Adam Kentoshi, North American Field CTO at Digital.ai, emphasized the importance of SLM in cleaning data and fine-tuning data storage to improve performance and sustainability, and reduce business risk and bias. Many AI initiatives, Kentoshi said, are falling into the “abyss of disillusionment” that could be avoided by addressing data quality issues.
Gartner predicts that by 2028, more than 50% of enterprises building LLMs from scratch will abandon their efforts due to the cost, complexity, and technical debt of implementation. “One of the big challenges that existing customers continue to face is the heterogeneity of data sources, even in the common areas of software development,” Kentoshi explains. “For example, most enterprises have more than one agile planning solution. There is also little consistency when it comes to software releases. So data preprocessing is critical, and it’s something that many enterprises have not done well.”

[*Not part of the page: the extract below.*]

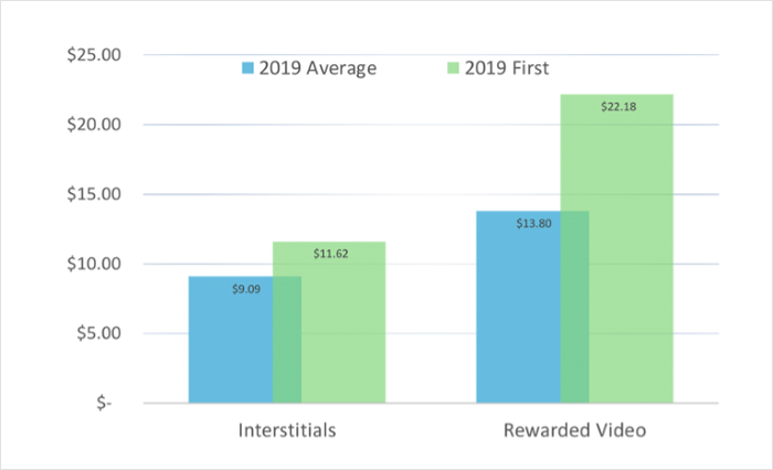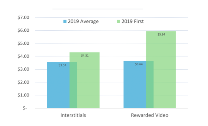 Through this section, you will get a breakdown of the major ad types including interstitials and video interstitials Vs. rewarded video stats. You’ll also be able to get a go through to the respective average and 1st impression eCPM stats. Have a look at the below chart which is designed to display the average eCPMs gathered for each ad.

Obtaining well-curated, domain-specific data suitable for fine-tuning models is never easy, Nambiar notes, noting that “Transformer models require a specific kind of instantaneous response pair data that is difficult to procure.”
Furthermore, once a company decides to fine-tune its own SLM, it must continually invest in keeping up with the benchmarks provided by the latest models. “As each new SLM model is released, the bar for inference capability is raised, so if you build your own fine-tuned SLM, you also need to increase the inference capability of that model, or else there will be no more use cases for the model,” Nambiar said.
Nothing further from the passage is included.